I am trying to understand the limits of the floating point representation.
On a 32-bit computer with 7 bits for the exponent and 24 bits for the mantissa, I want to know the biggest and smallest numbers.
My calculation:
Base 2
Biggest positive number =
$$
+ 1 \times 2^{127}
$$
Smallest positive number =
$$
+ 2^{-24} \times 2^{-127}
$$
Biggest negative number = $$
– 2^{-24} \times 2^{-127}
$$
Smallest negative number = $$-1 \times 2^{127}$$
Decimal
Biggest positive number =
$$
+1 \times 10^{38}
$$
Smallest positive number=
$$
+ 10^{-7} \times 10^{-38}
$$
Biggest negative number=
$$
– 10^{-7} \times 10^{-38}
$$
Smallest negative number =
$$
-1 \times 10^{38}
$$
Is this a correct calculation?
Best Answer
Your implementation varies a bit from the IEEE standard, but the Wikipedia page gives explicit calculations for binary.

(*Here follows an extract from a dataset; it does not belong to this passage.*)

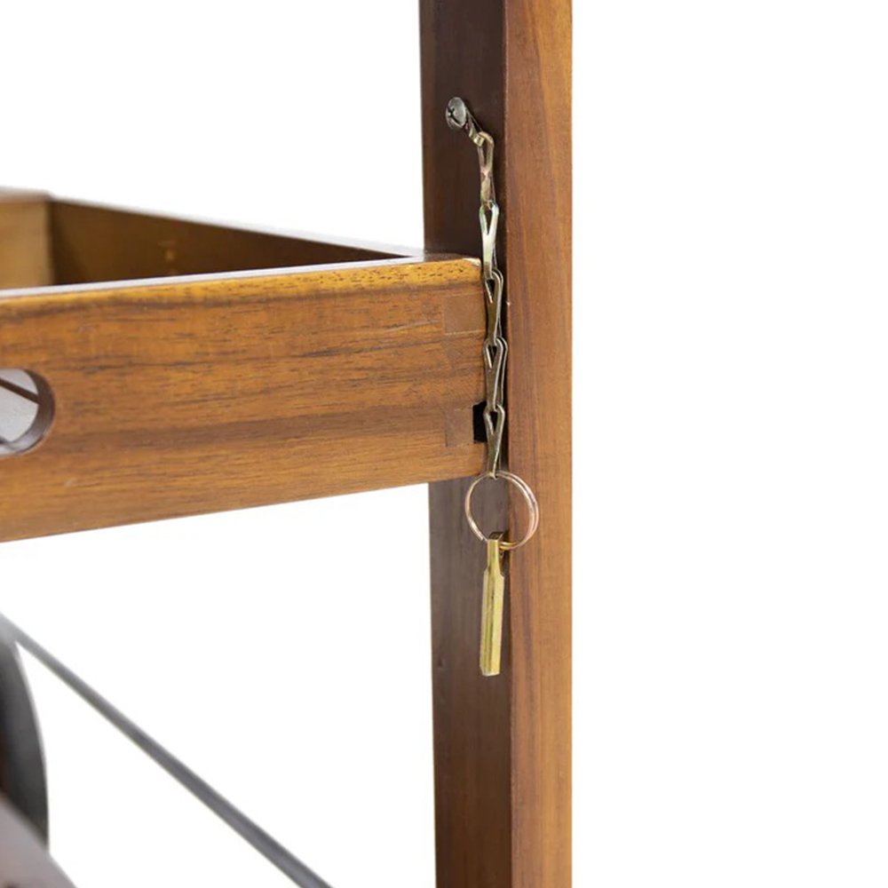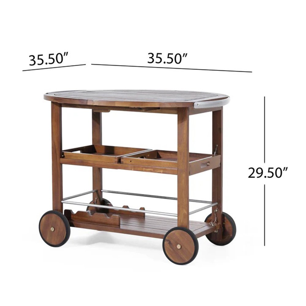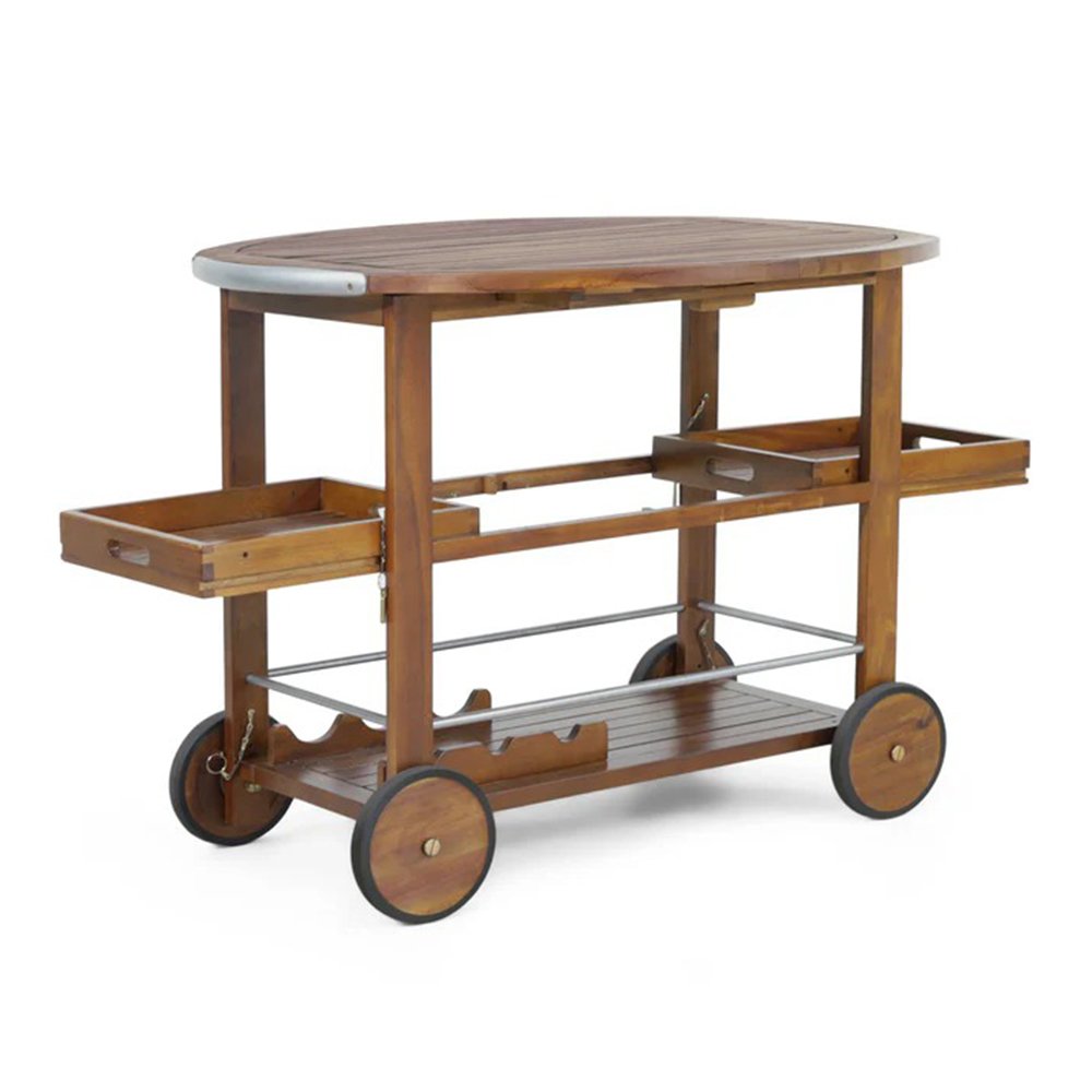 Use our classic bar cart to make your parties as fun, unique, and well-put-together as you are. Featuring rich and durable acacia wood construction, this cart adds a natural element to your home. A convenient drop leaf extension ensures ample space for all your barware and beverages, while three wine bottle holders and two removable trays add to the smart design. The piece is completed by aluminum accents and locking wheels. Host a beautiful soiree with help from our handy and lovely bar cart.

There are details about the offset in the exponent and whether the leading 1 is suppressed in the mantissa that need to be considered before you get a final answer. But their range is about 1.18 E-38 to 3.4 E38 and with one bit less in the exponent you should have a range of about 1.18 E-19 to 3.4 E19.
For the base 10 case you need to specify how the base 10 numbers are stored for a clean answer. Added: it looks like your base 10 numbers are approximately the decimal equivalents of the binary. I hadn't noticed and thought you were storing values somehow in base 10.